County commissioners are balking at Kinder Morgan’s plan to take the path of least resistance by developing wells on private land instead of on adjacent, permit-heavy BLM land, including Canyons of the Ancients National Monument.
And Kinder Morgan is flexing its legal muscles by opposing a recent county permit requirement that the company obtain signed surface-use agreements from 21 landowners before installing 10 miles of electric transmission lines across private farmland.
“Kinder Morgan takes issue with the requirement for surface-use agreements,” county attorney John Baxter told the commission Monday. “They are saying they have the right to infrastructure for development, and nothing in the law says they have to have signed agreements.”
Kinder Morgan has lease agreements with the federal government to extract CO2 under private land. So-called split estates, where the surface is private but the underground minerals are sold to another party, can cause headaches for landowners and regulators.
To minimize impacts, surface-use agreements are negotiated between Kinder Morgan and landowners to compensate for impacts of infrastructure development such as wells, pipelines, compressor stations and transmission lines.
Landowner benefits can include cash payments, easements agreements, new and upgraded roads, compensation for crop loss, fence construction, and strategies to avoid industry impacts on farm and ranch operations.
Baxter said Kinder Morgan lawyers have told him the standard for surface-use agreements is that they are done in good faith and are carried out “to a reasonable degree.”
“Kinder Morgan could ask for judicial review. It would come down to what a judge determines is reasonable,” he said.

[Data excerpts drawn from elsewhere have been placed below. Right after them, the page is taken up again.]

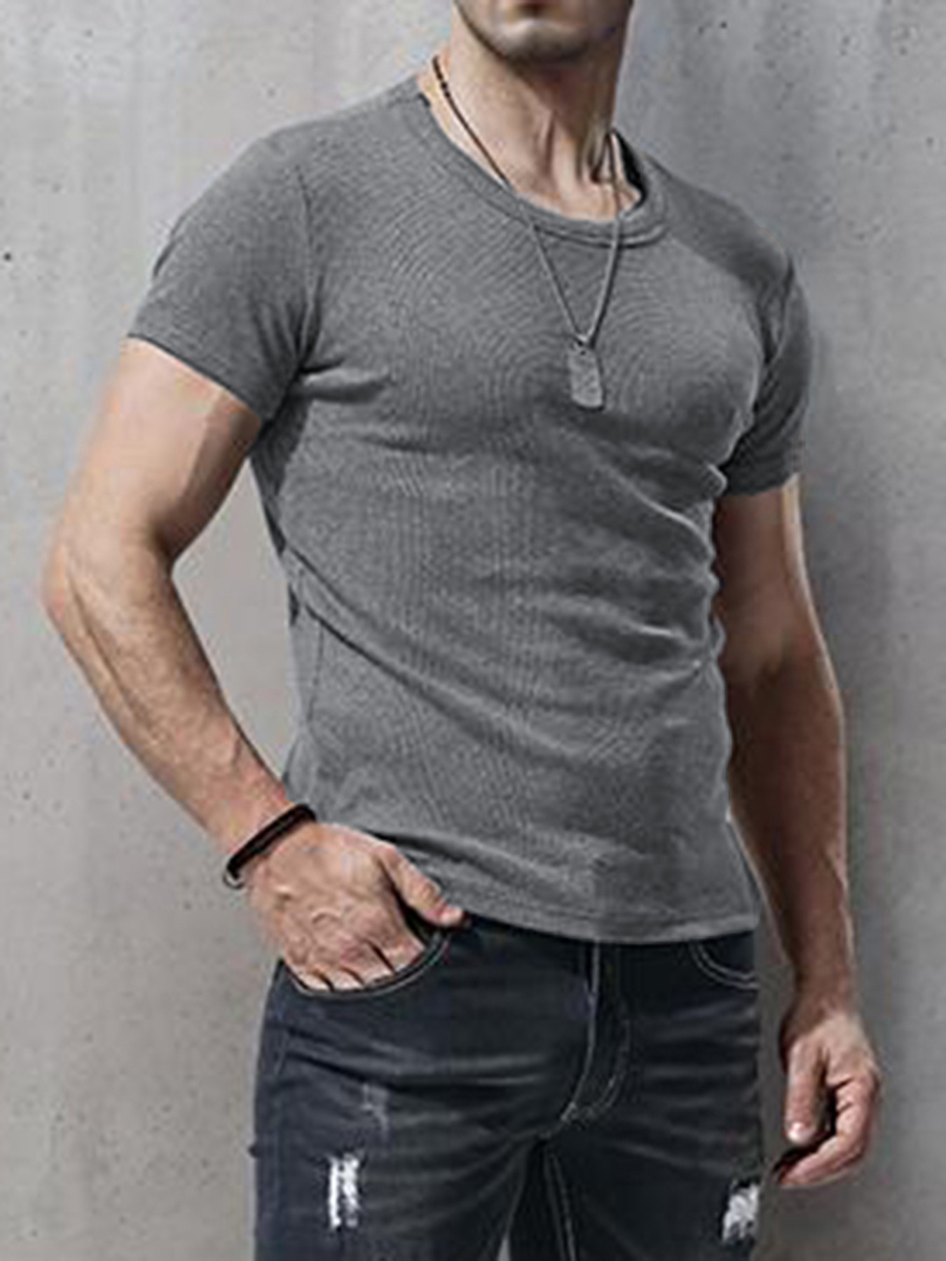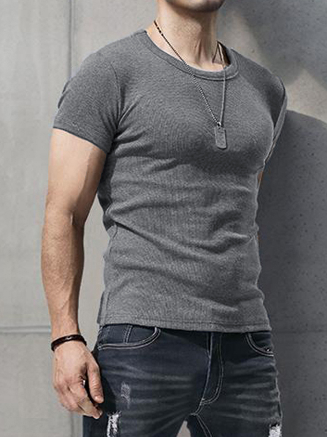 여름 신작 남성 스포츠 및 레저 러닝 운동 피트니스 속건성 탄성 슬림 솔리드 컬러 심플 반팔 티셔츠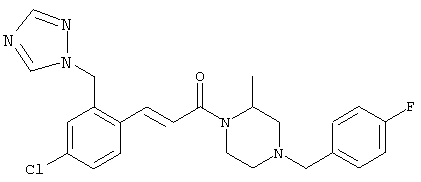 1H-ЯМР (400 МГц, ДМСО-d6): 5,50 (s, 2Н), 7,21 (d, 1Н), 7,39 (dd, 1H), 7,70 (d, 1H), 8,04 (s, 1H), 8,68 (s, 1H). MC (ESI+): 272 [M+H]+. б) (Е)-3-(4-Хлор-2-[1,2,4]триазол-1-илметилфенил)-1-[4-(4-фторбензил)-2-метилпиперазин-1-ил]пропенон 1H-ЯМР (400 МГц, ДМСО-d6): 1,24 (d, 3Н), 1,87-2,16 (m, 2Н), 2,66 (d, 1H), 2,82 (d, 1H), 2,88-3,05 (m, 1H), 3,42 и 3,53 (AB-Sys., 2Н), 4,02-4,68 (m, 2Н), 5,59 (s, 2Н), 7,12 (d, 1H), 7,17 (t, 2Н), 7,28 (d, 1H), 7,36 (dd, 2Н), 7,45 (dd, 1H), 7,70 (d, 1H), 7,87 (d, 1H), 7,98 (s, 1H), 8,59 (s, 1H). MC (ESI+): 454 [M+H]+. Пример 70 (Е)-3-[4-Хлор-2-(4-метилпиперазин-1-илметил)фенил]-1-[4-(4-фторбензил)-2-метилпиперазин-1-ил]пропенон а) 1-(2-Бром-5-хлорбензил)-4-метилпиперазин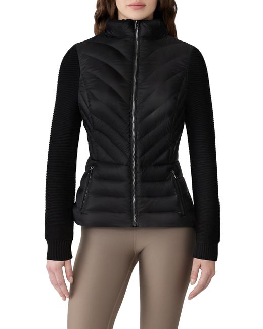 Soia & Kyo's Bexley down jacket features a funnel neck, knit sleeves, and mixed chevron and channel quilting. Funnel neck Long sleeves Side zip pockets Front zip closure 100% nylon Combo: 72% viscose/28% polyester Lining: 100% nylon Machine wash Imported SIZE & FIT About 24" from shoulder to hem Model measurements: 5'10" tall Model is wearing a US size Small. Outerwear And Swimwear - Down > Soia & Kyo > Saks Fifth Avenue. Soia & Kyo. Color: Black. Size: XS.

Landowners are critical of a Kinder Morgan proposal to install 10 miles of overhead transmission lines along county roads BB, CC, and 10 to power cluster facilities. They are pushing for them to be buried or to take a more direct route across BLM land that avoids private land.
As of Monday, none of the 21 landowners had signed surface-use agreements, creating a potential legal showdown between farmers and oil-and-gas developers.
To take a more direct route across a BLM canyon “would take two years to obtain the permits,” said Phil Kennedy, of Kinder Morgan. “Burying the line would more than double our costs.”
He said accommodations are being made to minimize impacts on farming, including placement of power poles to avoid center-pivot irrigation operations.
Commissioner Keenan Ertel urged both sides to continue negotiations.
“Landowners need to meet at the table, but I’m concerned about how Kinder Morgan is going about this. They’re riding the backs of private landowners because the BLM is too difficult,” he said. “Farming operations need to continue unimpeded, that is the right thing to do.”